Look through the listing below for the line with "Městský autobus 1:16" and the line with "本項目是建行大學的臨展廳,作". Copy both, along with every line between them, exactly and with no pictures.

Given information>
====

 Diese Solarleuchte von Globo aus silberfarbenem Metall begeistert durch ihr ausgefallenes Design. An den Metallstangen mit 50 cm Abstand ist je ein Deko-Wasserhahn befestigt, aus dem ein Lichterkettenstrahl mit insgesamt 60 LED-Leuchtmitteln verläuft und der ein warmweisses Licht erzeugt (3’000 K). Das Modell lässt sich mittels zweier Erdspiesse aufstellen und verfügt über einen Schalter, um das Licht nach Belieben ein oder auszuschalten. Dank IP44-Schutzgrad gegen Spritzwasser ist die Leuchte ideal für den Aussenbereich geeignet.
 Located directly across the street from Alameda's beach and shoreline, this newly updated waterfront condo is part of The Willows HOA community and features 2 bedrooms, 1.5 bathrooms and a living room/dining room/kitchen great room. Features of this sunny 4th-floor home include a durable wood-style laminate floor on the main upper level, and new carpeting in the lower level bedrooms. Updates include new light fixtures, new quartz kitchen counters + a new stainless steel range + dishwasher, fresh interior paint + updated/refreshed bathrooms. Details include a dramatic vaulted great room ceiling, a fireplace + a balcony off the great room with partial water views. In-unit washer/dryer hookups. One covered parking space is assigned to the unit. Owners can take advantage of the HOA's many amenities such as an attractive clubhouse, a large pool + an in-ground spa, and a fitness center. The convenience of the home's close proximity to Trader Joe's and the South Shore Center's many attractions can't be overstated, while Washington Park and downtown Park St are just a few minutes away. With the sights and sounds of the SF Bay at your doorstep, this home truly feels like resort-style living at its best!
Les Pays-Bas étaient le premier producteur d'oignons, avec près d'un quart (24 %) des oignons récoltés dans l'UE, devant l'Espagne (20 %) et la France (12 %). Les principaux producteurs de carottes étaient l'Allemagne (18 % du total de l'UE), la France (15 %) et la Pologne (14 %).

====

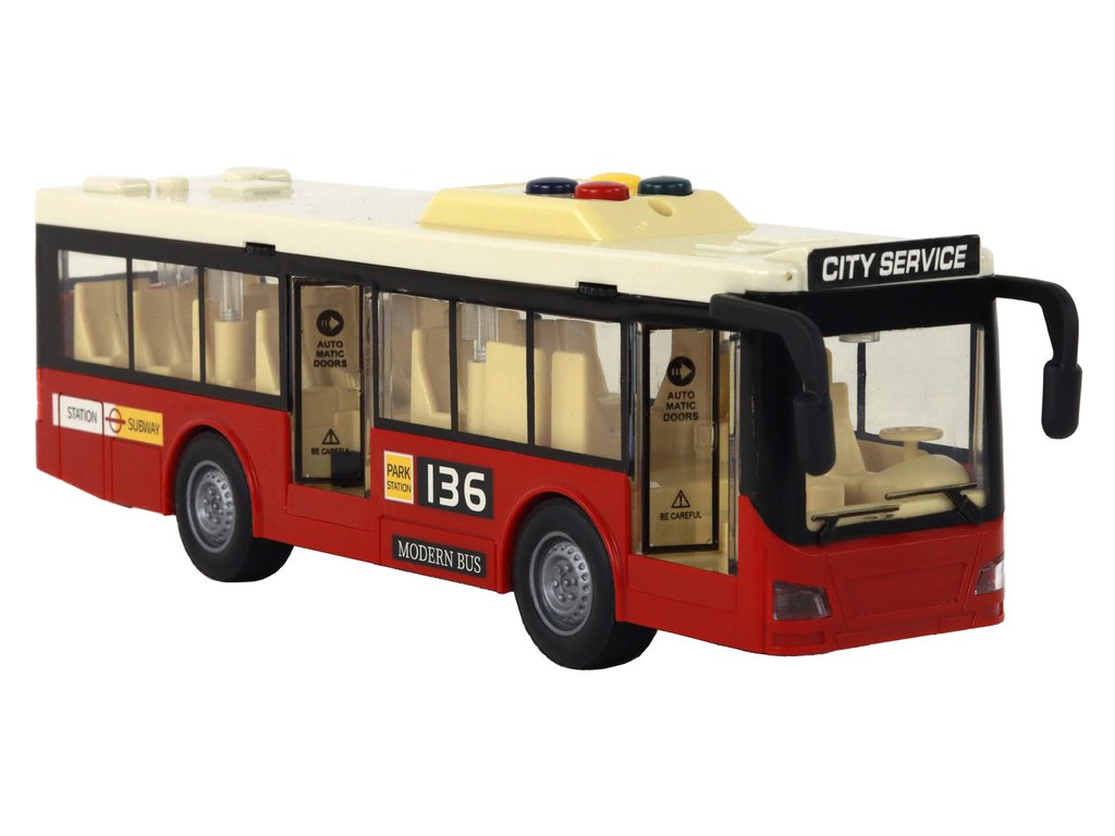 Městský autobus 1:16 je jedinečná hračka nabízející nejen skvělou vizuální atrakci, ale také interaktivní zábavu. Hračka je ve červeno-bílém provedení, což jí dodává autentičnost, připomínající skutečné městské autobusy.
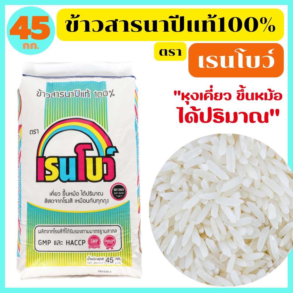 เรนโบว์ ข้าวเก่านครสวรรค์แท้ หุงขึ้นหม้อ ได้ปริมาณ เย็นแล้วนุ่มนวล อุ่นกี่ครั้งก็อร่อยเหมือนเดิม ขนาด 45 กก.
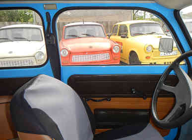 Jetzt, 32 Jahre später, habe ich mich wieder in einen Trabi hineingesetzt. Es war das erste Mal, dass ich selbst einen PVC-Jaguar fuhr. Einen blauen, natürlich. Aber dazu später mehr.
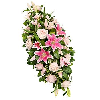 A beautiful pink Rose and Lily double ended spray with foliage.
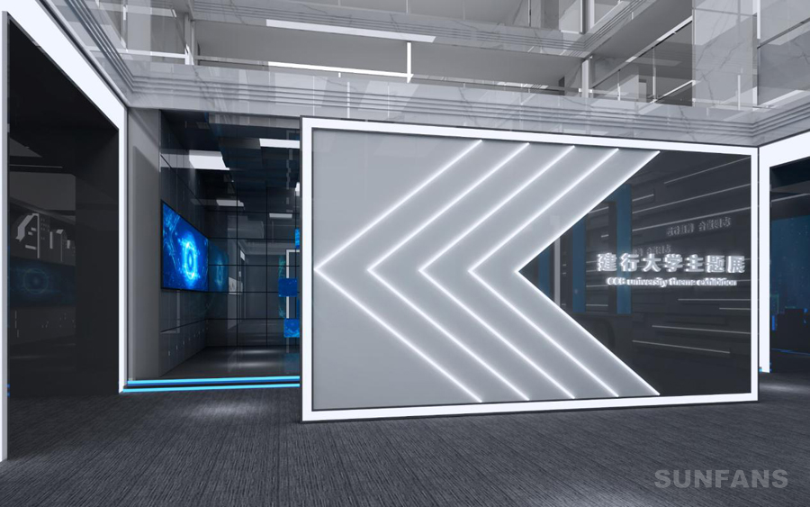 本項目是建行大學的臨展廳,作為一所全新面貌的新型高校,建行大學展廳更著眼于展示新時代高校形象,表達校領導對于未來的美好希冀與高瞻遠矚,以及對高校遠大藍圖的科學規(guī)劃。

====

Task answer>
 Městský autobus 1:16 je jedinečná hračka nabízející nejen skvělou vizuální atrakci, ale také interaktivní zábavu. Hračka je ve červeno-bílém provedení, což jí dodává autentičnost, připomínající skutečné městské autobusy.
 เรนโบว์ ข้าวเก่านครสวรรค์แท้ หุงขึ้นหม้อ ได้ปริมาณ เย็นแล้วนุ่มนวล อุ่นกี่ครั้งก็อร่อยเหมือนเดิม ขนาด 45 กก.
 Jetzt, 32 Jahre später, habe ich mich wieder in einen Trabi hineingesetzt. Es war das erste Mal, dass ich selbst einen PVC-Jaguar fuhr. Einen blauen, natürlich. Aber dazu später mehr.
 A beautiful pink Rose and Lily double ended spray with foliage.
 本項目是建行大學的臨展廳,作為一所全新面貌的新型高校,建行大學展廳更著眼于展示新時代高校形象,表達校領導對于未來的美好希冀與高瞻遠矚,以及對高校遠大藍圖的科學規(guī)劃。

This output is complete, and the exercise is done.